Nicholas Fernandes (born 29 May 1992) is an Indian professional footballer who plays as an attacking midfielder for Martyr's Memorial A-Division League side New Road Team.

==Club career==
===In India===
Born in Goa, Fernandes started his career with Churchill Brothers in the Goa Professional League. Before the 2015–16 I-League, Fernandes was loaned to Sporting Goa. He made his professional debut for the club in their opening match of the season against East Bengal. He played 65 minutes as Sporting Goa lost 3–1.

In 2020, he moved to Gokulam Kerala FC. He debuted for the Malabarians on 9 January in a 3–2 defeat to Chennai City. He played his last match on 21 February against NEROCA in their 3–2 loss.

In March 2021, Fernandes signed with FC Bengaluru United for season-long deal. He was part of the team's 2020–21 season of the BDFA Super Division League win.

===In Nepal===
In October 2021, Fernandes moved to Nepal and signed with Martyr's Memorial A-Division League side Three Star Club for their 2021 season as a SAARC-quota player.
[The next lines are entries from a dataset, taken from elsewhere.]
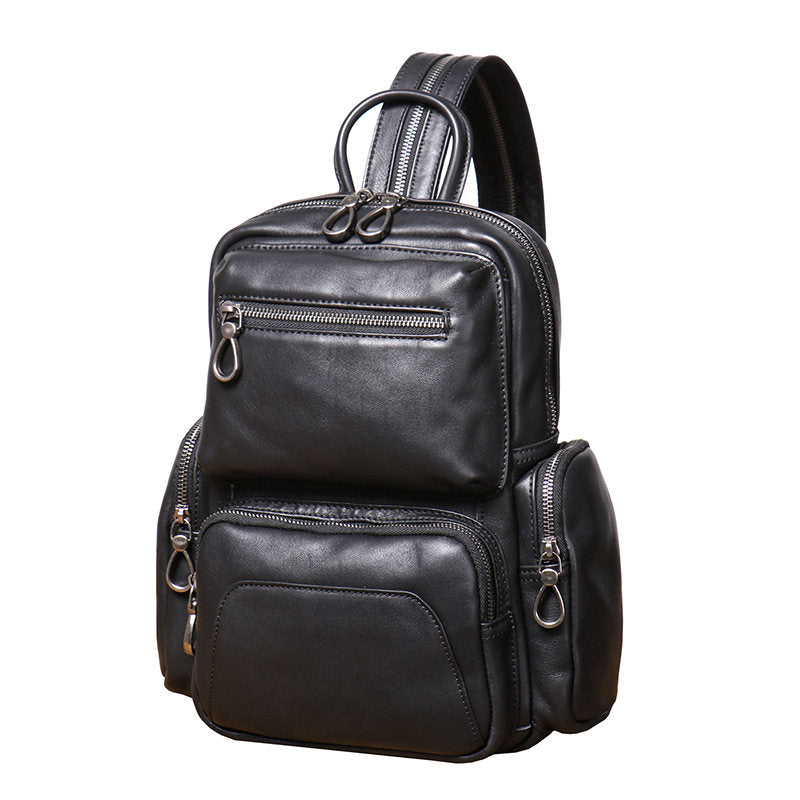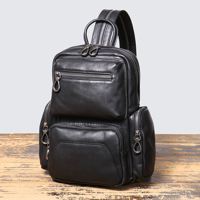 Style: Black Sling Leather Backpack Convertible Black Leather Sling Backpack for Men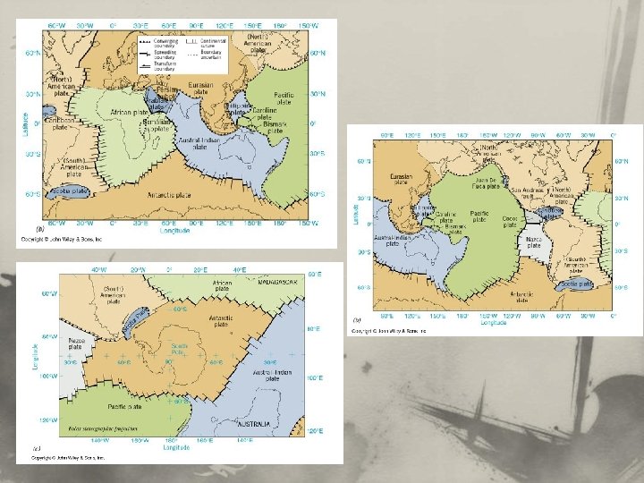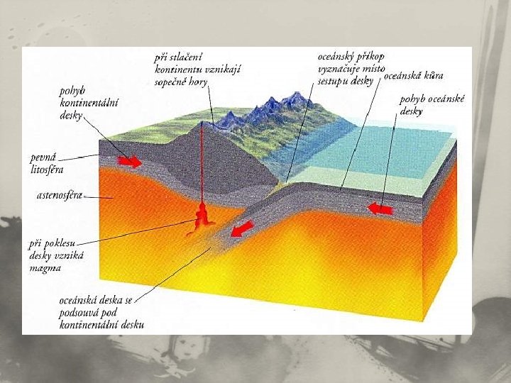 Pohyb a interakce litosférických desek Typy deskových rozhraní: n divergentní rozhraní (tvorba oceánské kůry a oddalování desek – spreading), n konvergentní rozhraní (zánik oceánské kůry a přibližování desek – subdukce), n transformní rozhraní (horizontální posun desek).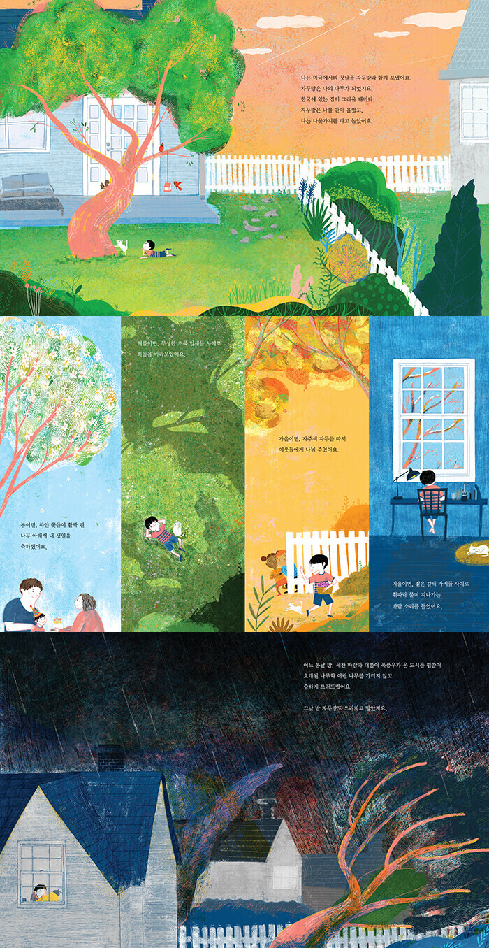 새로 이사한 집 뒷마당, 호젓하게 서 있는 오래된 나무 한 그루. 봄이면 활짝 피어나는 하얀 꽃들, 여름이면 무성한 초록 잎새들 사이로 보이는 파란 하늘. 그 풍경 너머로 응축된 시간의 흐름이 넘실거린다. 아이는 한국에 두고 온 것들이 그리울 때면 가지마다 자두가 조랑조랑 달린 나무에게 달려간다. 나무는 언제든 아이를 안아 올리고, 아이는 나뭇가지를 타고 논다. 아이에게 ‘자두랑’이라는 애칭을 얻은 나무는 그야말로 ‘나의 나무’가 되었다.

Few days later, he moved to another Martyr's Memorial A-Division League side Jawalakhel Youth Club for season-long deal. He debuted for the club on 21 November in a 1–0 defeat to Manang Marshyangdi Club. He scored his first goal on 18 December against Chyasal Youth Club in their 1–0 win. He scored his second goal on 27 December in their 2–0 win against Satdobato Youth Club.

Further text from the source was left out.